Intrepid elk finds way to Whidbey

A bull elk decided to explore Whidbey Island and residents are taking notice. The wandering elk, which are rarely seen on the island, has been hanging out near Strawberry Point on North Whidbey. He’s been hiding in the grass and enjoying the apples on nearby trees. “It’s been pretty low key. We knew it would be a matter of time,” Ralph Downes, an officer with the Washington State Department of Fish and Wildlife, said about reports of the animal being spotted on Whidbey.

A bull elk decided to explore Whidbey Island and residents are taking notice.

The wandering elk, which are rarely seen on the island, has been hanging out near Strawberry Point on North Whidbey. He’s been hiding in the grass and enjoying the apples on nearby trees.

“It’s been pretty low key. We knew it would be a matter of time,” Ralph Downes, an officer with the Washington State Department of Fish and Wildlife, said about reports of the animal being spotted on Whidbey.

He said he got the first reports about the elk about three weeks ago. It took several reports before he thought the sightings were credible.

“A chance of an elk on Whidbey Island is very, very slim,” Downes said. Judging from reports, it looks like the elk could be five years old.

He said the elk is also safe from potential hunters because Whidbey Island is in a game management unit that lacks a hunting season.

Some people have managed to photograph the elk.

“He was huge,” said Madeline Biekert, who snapped a shot of the elk as it meandered onto the property near Strawberry Point she owns with her husband, Kevin.

Downes said the elk probably swam to Whidbey Island from Skagit County, when a herd wandered down to the lowlands. He said elk are excellent swimmers, adding he’s heard of reports of elks swimming several miles off the Washington coast. Why it was there, nobody knows.

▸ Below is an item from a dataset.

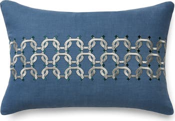An intricate pattern of interlinked embroidery reminiscent of garden gates decorates this pillow that looks lovely nestled on your floral bedding.

A herd of elk was spotted in the Skagit lowlands in recent weeks before migrating back up to the hills. Downes said Whidbey’s elk must have wandered away then.

While the elk is keeping a low-key presence basically grazing in the fields, he doesn’t think it will stay on Whidbey much longer.

It’s currently the middle of rutting season for elk. While Whidbey provides plenty of food, the island lacks other bulls for sparring and cows for socializing, Downes said.  He’ll probably swim across Skagit Bay to rejoin his herd.